Prudemment, je passai sous les wagons et arrivai vers les tas de pommes

de terre qui avaient été déchargés. Un garde faisait les cent pas. Il me fallut

attendre qu'il parvienne à l'autre bout de ces tas. Rapidement,je soulevai un

sac qui pesait à peu près cinquante kilos, le mis sur mes épaules et quittai

la gare le plus vite possible. J'avais à peine atteint une des sombres rues

transversales que des civils m'arrêtèrent en me priant de bien vouloir leur

vendre mes pommes de terre. Je ne les écoutai pas, car je voulais d'abord

avoir une bonne petite provision et puis, pour moi qui en avais été si

longtemps privé, un tel sac de pommes de terre valait toutes les fortunes du

monde.

    A chaque pas, j'étais arrêté et importuné pour que je vende ma prise de

guerre. Finalement, le sac me parut trop lourd, et puis j'avais encore une

demi-heure de marche jusqu'à mon quartier. Je craignais aussi que des

officiers remarquent mon chargement, dans ces rues très éclairées. J'aurais

bien dû leur avouer l'origine de mes pommes de terre.

   J'étais absorbé par ces pensées quand je fus accosté de nouveau par une

jeune femme: «Dites, soldat, ne voudriez-vous pas me vendre vos pommes

de terre?" «Qu'est-ce que vous seriez prête à me payer ?» «Vingt roubles",

me répondit-elle. «Bon, lui dis-je, vous en aurez la moitié pour dix roubles."

Je dus accompagner la femme chez elle; c'était tout à côté. Elle habitait au

deuxième étage. A en juger par ses manières, ses vêtements et son installation,

cette dame paraissait être d'un bon milieu. Je vidai la moitié de mon sac

dans une caisse. Elle m'invita alors à prendre place sur le canapé et se mit

à préparer le thé.

En attendant que l'eau se mette à bouillir, elle s'assit à côté de moi, pressa

son genou contre le mien et me dit avec un clin d'oeil prometteur:« Mon mari  

                                     196

est au front. » Je compris alors comment elle voulait payer ses pommes de

terre, fis celui qui n'avait rien compris et dis: «Alors votre mari a la même

déveine que moi. Maintenant que la paix avec la Russie est proche, il

rentrera bientôt.» On s'entretint encore un moment et elle n'osa plus

revenir sur le premier sujet de conversation. Quand j'eus fini ma tasse de

thé, elle me dit, avant que je ne parte, que je pouvais lui apporter autant de

pommes de terre que je voulais et qu'elle donnerait vingt roubles par sac. Je

quittai la maison avec un demi-sac en moins et mes dix roubles.

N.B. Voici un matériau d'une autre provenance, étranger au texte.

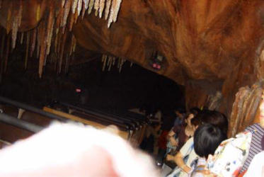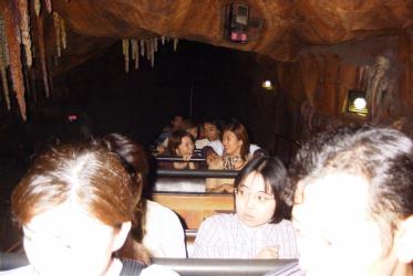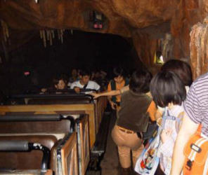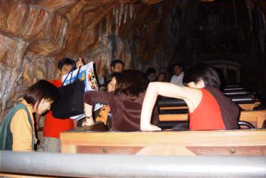 | ってことで、再度、乗車。時間が遅かったので、20分待ちくらいにまで空いていたにも関わらず、「当日に限る」って書いてあるから、使わなきゃ損よねってことで、優先入場券を使用。 この優先券を使用するには、出口から入る。出口は当然、乗り終わった他のお客さんが出てくる。それにモロに逆流して、進んでいく。「何、この人達?」という目で見る人もいる。うぅぅ、いくら優先券っていっても、なんだか肩身が狭いぞ。でも、めげずに進んでいったら、乗り場近くまでついた。係の人にその券を見せたら、「はい」と慣れた態度で、乗り場に通してくれた。しかも、ちゃあんと、出口から乗り場までの通路(通り道というか、ややショートカットのもの)もあるのね‥‥。知らなかった。よって、入り口から普通に並んだ人の邪魔にはならずに、乗ることができたのでした。ん〜、複雑‥‥。 |

Je notai le numéro exact de la maison et le nom de la rue et me dirigeai

vers la station de tramway la plus proche. Je jetai mon sac dans le wagon et

descendis en direction de la Duna. De là j'avais encore un quart d'heure de

marche. Sur le pont de la Duna, je croisai une vieille femme qui titubait et

qui ne cessait de gémir. Je lui demandai ce qui lui arrivait. « J'ai faim", me

dit-elle; ses yeux étaient fatigués et immensément tristes. Elle portait un

grand cabas. Je déposai mes pommes de terre et en remplis son sac à ras

bord: dix livres environ. La femme n'en finit plus de me remercier. Je lui dis:

« N'en parlons plus, ne vous en faites pas, c'est bien ainsi", et je m'en fus vers

mon quartier. Ce soir-là. je fis bouillir une marmite entière pour la partager

avec mes deux camarades de chambrée.

     J'avais décidé de retourner à la gare la nuit suivante et d'apporter de

nouveau des pommes de terre à ma cliente, car vingt roubles par sac c'était

une bonne affaire. Je demandai une permission de minuit, pour ramener le

plus de sacs possible. Lorsque j'arrivai à la porte de la gare, je trouvai le

même garde. Je lui promis trois marks pour chaque sac qu'il me laisserait

passer. Il fut aussitôt d'accord et je me rendis tout droit vers le tas de

pommes de terre, mis un sac sur le dos et allai partir.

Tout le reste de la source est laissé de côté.